Im Rahmen experimenteller Untersuchungen zur Wahrnehmungsphänomenologie wurde nun eine “Virtual Reality Plattform” entwickelt, die per Headset am Probanden per Knopfdruck selektiv bevorzugt die visuelle Komponente der Wahrnehmung verändert, und das in ähnlicher Form, wie sie unter dem Einfluss von Psilocybin vorkommen soll. Erfunden hat es diesmal kein Schweizer, sondern die Gruppe um Prof.Suzuki vom Sackler Centre for Consciousness Science der University of Sussex (5). Die Gruppe publizierte in den “Scientific Reports” der Nature kürzlich die Ergebnisse des 2-phasigen Experiments zur Wirkung ihrer “Halluzinationsmaschine” an Probanden, die auf Überlagerungen halluzinatorischer Elemente der visuellen Wahrnehmung basiert (6). 

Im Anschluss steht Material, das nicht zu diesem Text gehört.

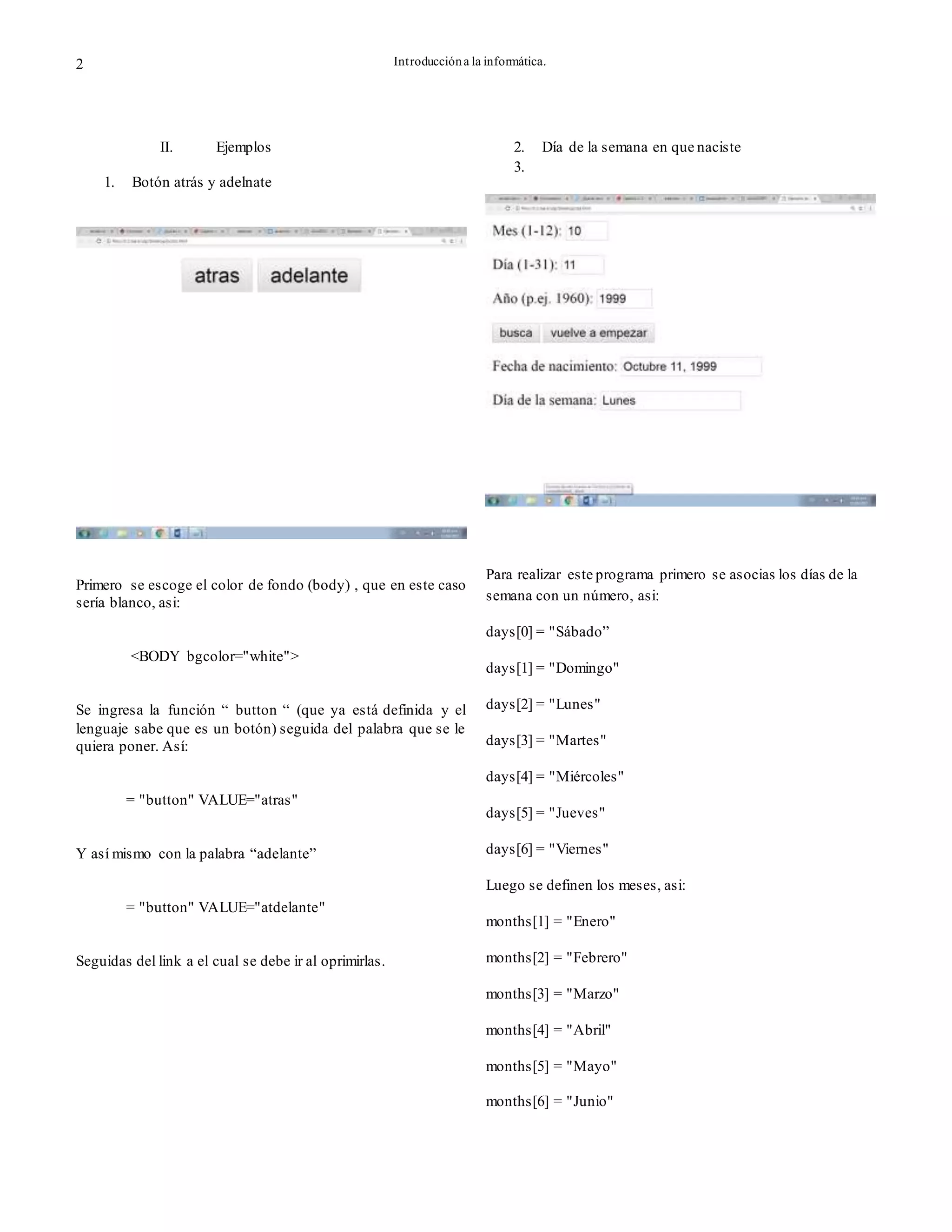 El documento introduce JavaScript como un lenguaje de programación robusto que puede usarse para crear interactividad dinámica en sitios web. Explica que JavaScript permite hacer desde efectos simples como carruseles hasta aplicaciones más complejas basadas en bases de datos. Proporciona ejemplos de código JavaScript para crear botones de avance y retroceso en una página y determinar el día de la semana en que una persona nació basado en su fecha de nacimiento.
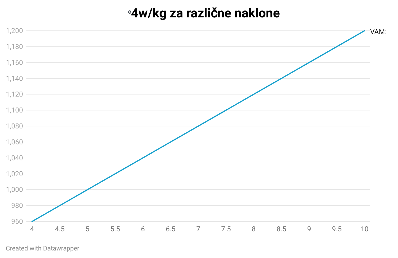 Primer izračuna za 6-odstotni naklon: 4 x (2,6 x 100) = 1040 VAM.

Ein wesentlicher Nachteil der Wahrnehmungsforschung mit Substanzen wie etwa LSD ist, dass diese Veränderungen verschiedenster Bereiche der Wahrnehmung auslösen, wie etwa Halluzinationen des gesamten Spektrums der Sensorik, so auch akustische oder olfaktorische Halluzinationen, oder auch ein verändertes Wahrnehmen des eigenen Selbst. Auch eine Verzerrung des Zeitempfindens ist eine oft beschriebene Nebenwirkung beim Einsatz von Substanzen, die etwa die Befragung von Probanden deutlich erschwert. In den Experimenten der Gruppe um Suzuki kamen diese “Nebenwirkungen” nicht vor. Die “Deep-Dream Virtual Reality Platform” der britischen Forschergruppe ist in der Lage, selektiv bevorzugt die visuelle Komponente der Wahrnehmung anzusprechen und ermöglicht so in kontrollierbarer und vergleichsweise sicherer Form präzisere Beobachtungen als diejenigen unter den besagten psychotropen Substanzen. Die Gruppe sieht in ihrer Innovation einen vielversprechenden Beitrag zum Verständnis menschlicher Wahrnehmung in veränderten Bewusstseinszuständen. 
 

Quellen

  • (1) Zitat von Timothy Leary, Leary T. Turn on, tune in, drop out. 1965; 1. Auflage. Ronin: Oakland.
  • (2) Mithoefer M, Wagner M, Mithoefer A, Jerome L, Doblin R. The safety and efficacy of ±3,4-methylenedioxymethamphetamine-assisted psychotherapy in subjects with chronic, treatment-resistant posttraumatic stress disorder: the first randomized controlled pilot study. Journal of Psychopharmacology. 2010;25(4):439-452.
  • (3) Passie T. Psycholytic and Psychedelic Therapy Research 1931-1995, A Complete International Bibliography. Laurentius: Hannover. 1997.
  • (4) Bewusstseinszustaende [Internet]. Bewusstseinszustaende.de. 2017 [zitiert am 3 December 2017]. Verfügbar unter: http://www.bewusstseinszustaende.de
  • (5) Hofmann A. LSD – mein Sorgenkind, die Entdeckung einer Wunderdroge. 1979 ; 3. Auflage. Klett-Cotta: Stuttgart.
  • (6) Science S. Homepage : Sackler Centre for Consciousness Science : University of Sussex [Internet]. Sussex.ac.uk. 2017 [zitiert am 3 December 2017]. Verfügbar unter: http://www.sussex.ac.uk/sackler/
  • (7) Suzuki K, Roseboom W, Schwartzman D, Seth A. A Deep-Dream Virtual Reality Platform for Studying Altered Perceptual Phenomenology. Scientific Reports. 2017;7(1).

Literatur

  • Suzuki K, Roseboom W, Schwartzman D, Seth A. A Deep-Dream Virtual Reality Platform for Studying Altered Perceptual Phenomenology. Scientific Reports. 2017;7(1).